* What to produce *
Search the entries below for the word "Name", then copy each line in which it is found.

- Opening Delimiter -

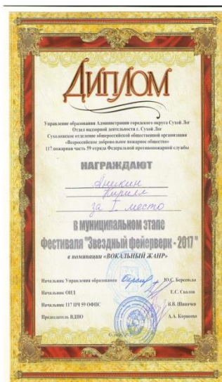
Муниципальный этап фестиваля «Звездный фейерверк – 2017»
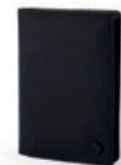
Product Name 產品名稱： Union 聯合護照夾

Collection Name 系列名稱： Dark knight 暗黑騎士系列
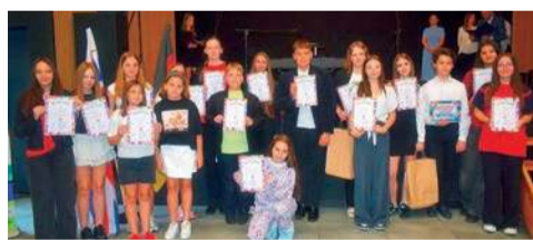
Laureaci tegorocznej edycji konkursu

Uczniowie prezentowali zgłoszone utwory pod koniec maja, a ich wyko-
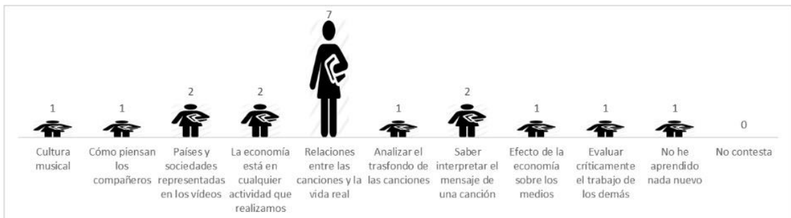
Figura 4. Respuestas recibidas y número acerca del aprendizaje

Cuando se les preguntó qué habían aprendido con la realización de la práctica, la mayoría del alumnado respondió cuestiones que relacionaban las temáticas de las canciones con problemáticas cotidianas de la sociedad. También consideraron que habían aprendido a interpretar de manera más adecuada el mensaje y el trasfondo de una canción, conocer cómo piensan otros compañeros respecto a diferentes temas y a evaluar críticamente el trabajo de terceros. Un único estudiante consideró también que la actividad no le había aportado nada nuevo (Figura 4).
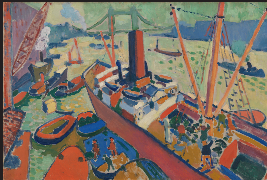
21. André Derain, Le Bassin de Londres , 1906, huile sur toile, Tate, Londres, don de The Trustees of the Chantrey Bequest, 1951.
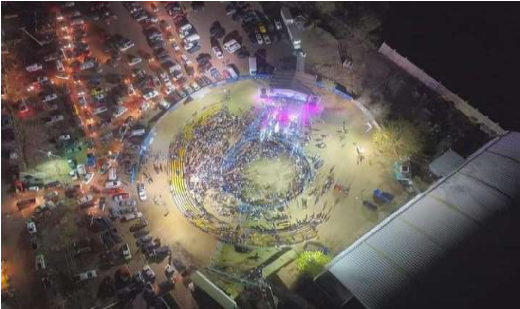
Imagen 54, Vista aérea por un dron rodeo San Miguel

Se da inicio con las primeras canciones por parte de la banda, siguiente presentación es la del animador del evento para que haga también su presentación en el centro de la plaza, el animador casi siempre lleva vestimenta igual a la de un jinete (botas y camisa) este es un momento de gran importancia en términos de la dimensión ritual propia del jaripeo.
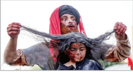
دسته نمادین کاروان اسرای کربلا
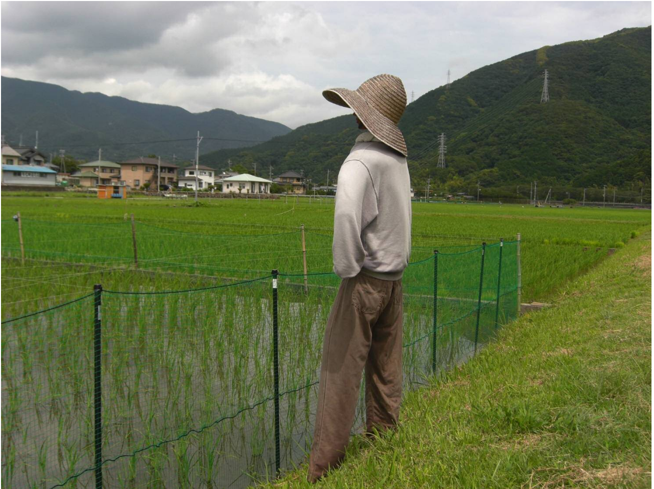
▲田んぼを眺めるカカシ（花畑後の田んぼ）6月25日撮影
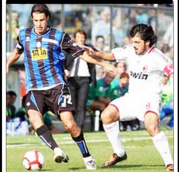
من لقاء ميلان وأتلانتا
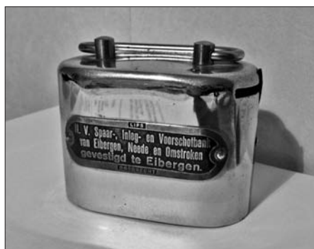
De bekende spaarbankbusjes van 50 jaar geleden. Aan de rechterkant een gleuf voor het muntgeld en links een klein rond gaatje voor het papiergeld, dat je wel eerst goed moest oprollen.
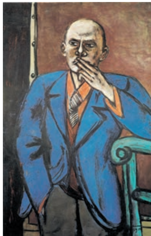
تصویر ۳-۱۱ – اثر ماکس بکمان، رنگ روغن روی بوم، (۱۴۰×۹۱/۴۴ سانتی‌متر)
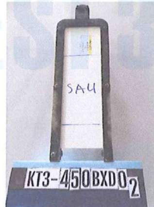
Sau khi thử/ After testing
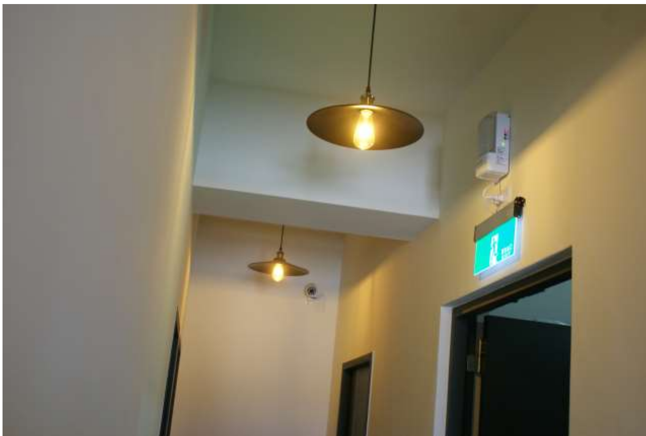
緊急照明燈、避難緊急出口指示燈、攝影機
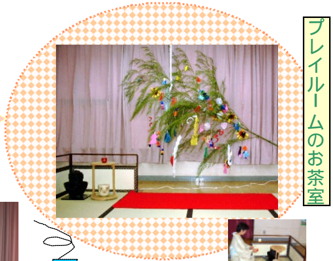
プレイルームのお茶室

- Closing Delimiter -

* Solution to this task *
Product Name 產品名稱： Union 聯合護照夾
Collection Name 系列名稱： Dark knight 暗黑騎士系列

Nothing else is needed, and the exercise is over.